A dozen army officers sit for a group studio portrait photo.
Col. John Singleton Mosby and some members of Mosby's Rangers, ca. 1861-1865; Mosby stands in the middle, hatless and smooth-shaven

Library of Congress

“Only three men in the Confederate army knew what I was doing or intended to do; they were Lee and Stuart and myself…”

Col. John Singleton Mosby

Known as the “Gray Ghost,” Confederate Colonel John S. Mosby, along with his partisan rangers, terrorized Federal units in northern Virginia from late 1862 until the end of the Civil War in 1865. By the summer of 1864, Mosby and his men were disrupting the advance of the United States Army of the Shenandoah into Virginia’s Shenandoah Valley.

Mosby the Scout

Not a particularly enthusiastic soldier when he enlisted as a private in 1861, John Singleton Mosby disliked routine army life. After seeing limited action at First Manassas, however, Mosby was promoted to first lieutenant in the 1st Virginia Cavalry regiment. Enjoying the cavalry, but bored with his job as regimental adjutant, Mosby resigned and became attached to the staff of Brig. Gen. J.E.B. (Jeb) Stuart, then the cavalry commander of the Confederate army that soon became the Army of Northern Virginia. Mosby later wrote that Stuart, “made me all that I was in the war…the best friend I ever had.”

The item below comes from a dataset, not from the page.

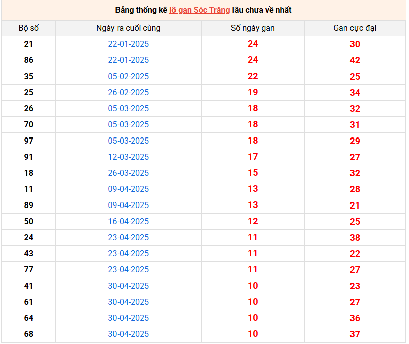 Bảng thống kê lô gan Sóc Trăng lâu về nhất 16/7/2025

Mosby proved his worth as a scout and intelligence collector during the Peninsula campaign in June 1862. Riding with Stuart and about 1,200 Confederate horsemen, Mosby scouted ahead and along the column’s flanks in the infamous four-day circuit around the entire United States Army of the Potomac. He later scouted for Stuart during the Second Manassas, Antietam, and Fredericksburg campaigns.

Proposing the idea of leading a band of riders to conduct guerrilla warfare in northern Virginia, Mosby convinced Stuart and Confederate commanding general Robert E. Lee to authorize a company of rangers in January 1863. As the unit grew and gained notoriety, it eventually became Company A, 43rd Battalion of Virginia Cavalry, or Mosby’s Rangers, in June 1863. Although guerrillas, or partisan rangers, Mosby’s men were subject to the Articles of War and Army Regulations within General Lee’s Army of Northern Virginia.